## Work request
Could you repeat the records below exactly, without the pictures?

## Exercise materials
:::::

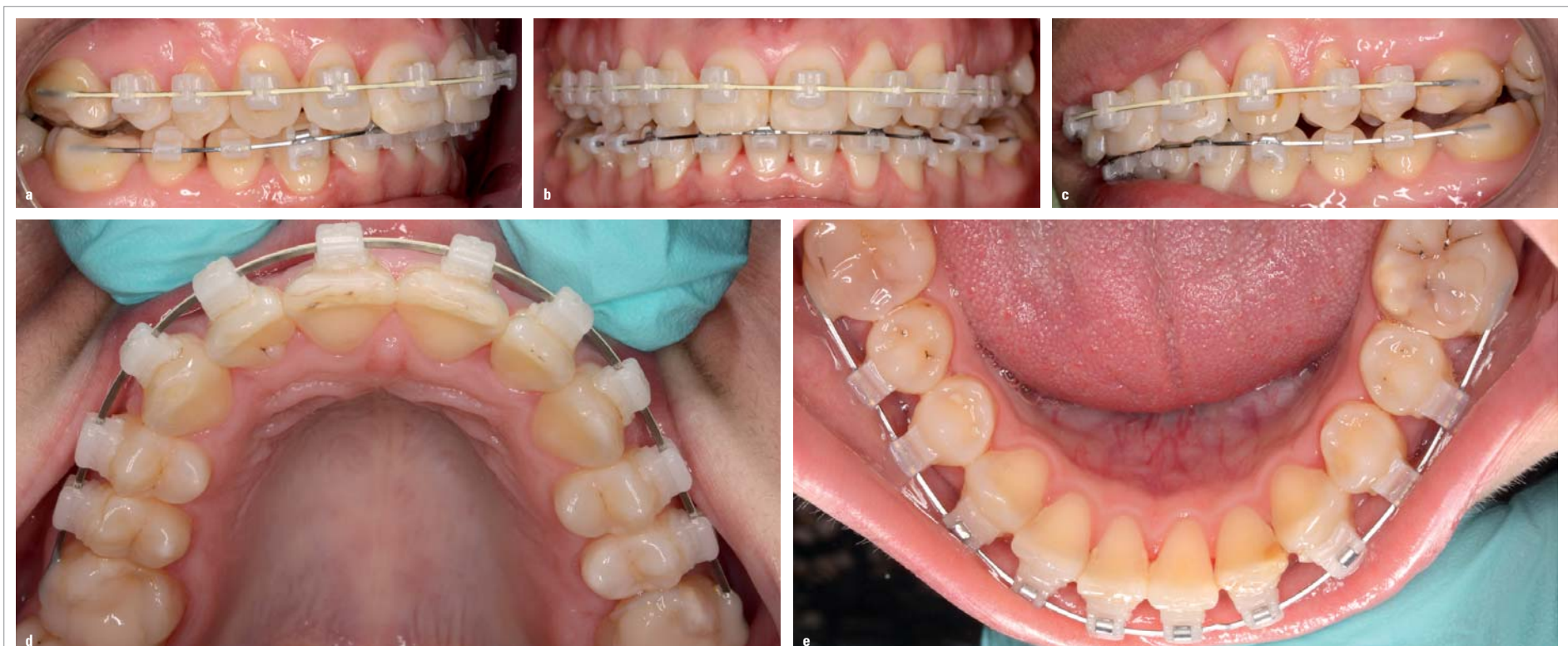
Abb. 5a-e: Zustand nach zwölfmonatiger Behandlung. Die Zahnbögen sind soweit ausgeformt, wobei die Bisshhebung mittels frontaler Aufbisse erfolgte. Mithilfe von Klasse II-Gummizügen wird noch die Distalokklusion zu korrigieren sein.

Das splitterfreie Ablösen des TruKlear® Brackets kann auf zweierlei Art und Weise realisiert werden – zum einen mithilfe des Pauls-Tools, einem speziellen Instrument zur fragmentfreien Bracketentfernung, zum anderen mittels Debondingzange, welche an den speziellen, mesial wie distal befindlichen Debondingschrägen des Brackets angesetzt wird.
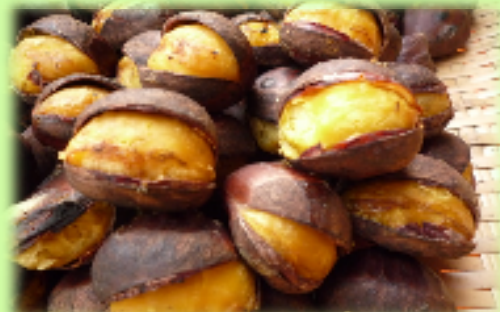
【里山で栽培した能登栗を活用した商品づくり事業】
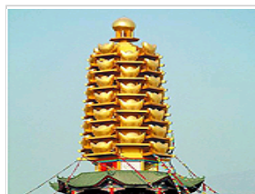
河北元宝塔入选十大最
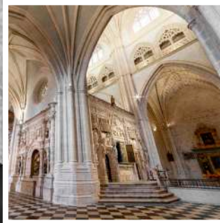
S. I. Catedral de Palencia

:::::

## Exercise answer
Abb. 5a-e: Zustand nach zwölfmonatiger Behandlung. Die Zahnbögen sind soweit ausgeformt, wobei die Bisshhebung mittels frontaler Aufbisse erfolgte. Mithilfe von Klasse II-Gummizügen wird noch die Distalokklusion zu korrigieren sein.

Das splitterfreie Ablösen des TruKlear® Brackets kann auf zweierlei Art und Weise realisiert werden – zum einen mithilfe des Pauls-Tools, einem speziellen Instrument zur fragmentfreien Bracketentfernung, zum anderen mittels Debondingzange, welche an den speziellen, mesial wie distal befindlichen Debondingschrägen des Brackets angesetzt wird.
【里山で栽培した能登栗を活用した商品づくり事業】
河北元宝塔入选十大最
S. I. Catedral de Palencia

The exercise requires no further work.